What Will Change in 2028?

  • End of the current simplified scheme
    The so-called Special Arrangement Scheme, under which postal operators and couriers collect VAT on behalf of sellers upon delivery, will be abolished.
    Sellers who currently use this scheme will need to handle VAT payments themselves via the IOSS system. Businesses that fail to do so risk customs delays, extra costs, and penalties.
  • New liability rules for intermediaries
    From 2028 onwards, customs agents and other intermediaries will also be held jointly liable for unpaid VAT. This means they will enforce stricter compliance checks, and their services will likely become more expensive or complex.
    For sellers, this may require adjustments to cost structures, partnerships, and logistics processes.
  • More obligations for non-registered sellers
    If you choose not to use the IOSS, you’ll have to register for VAT separately in each EU country where you sell goods. This creates a heavy administrative burden.
    Therefore, IOSS remains the simpler and more efficient option for international online stores.
  • Revision of the €150 threshold
    The current VAT exemption for shipments up to €150 is under review. The EU is considering lowering or even eliminating this threshold.
    Although not yet confirmed, it’s important to monitor these developments closely so you can adapt quickly to any new rules.

 

Who Will Be Affected by These Changes?

The IOSS reforms will impact various types of e-commerce businesses. In particular:

  • Sellers who currently collect VAT through postal or courier services will need to change their approach.
  • Webshops without IOSS registration that frequently ship low-value goods (up to €150) to the EU will face new obligations.
  • Businesses relying on customs intermediaries will need to review their processes and agreements.

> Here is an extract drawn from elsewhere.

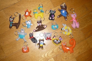 Да уж, у нас кошки- везде! Еще не все готово, не все заснято... Оля отчасти уважает мое увлечение, отчасти... Ну брелочки же она не для меня делала, для своих друзей! Она тоже очень любит кошек! И кошки- живые и "виртуальные" отвечают ей взаимностью... Это то, что ей особенно удается. Ну, еще у нас в доме много бабочек, и всякой морской живности- в смысле, поделок на темы...

While participation in the IOSS system remains optional, it offers clear benefits: reduced administrative work and easier VAT compliance.

 

How to Prepare Your Business

Preparing early will help you avoid problems once the new rules take effect. Keep the following action points in mind:

  1. Start your IOSS registration early
    Begin the registration process well before July 2028 to ensure your webshop continues operating smoothly.
  2. Review your current VAT processes
    Evaluate how you currently handle VAT, especially if you work with intermediaries. Check whether your agreements comply with the new shared liability rules.
  3. Invest in digital VAT solutions
    Use systems designed for real-time VAT calculations and electronic reporting. This reduces the risk of errors and ensures compliance with the new requirements.
  4. Avoid last-minute stress
    Don’t wait until the deadline approaches. Businesses that react too late often face errors, fines, or delays.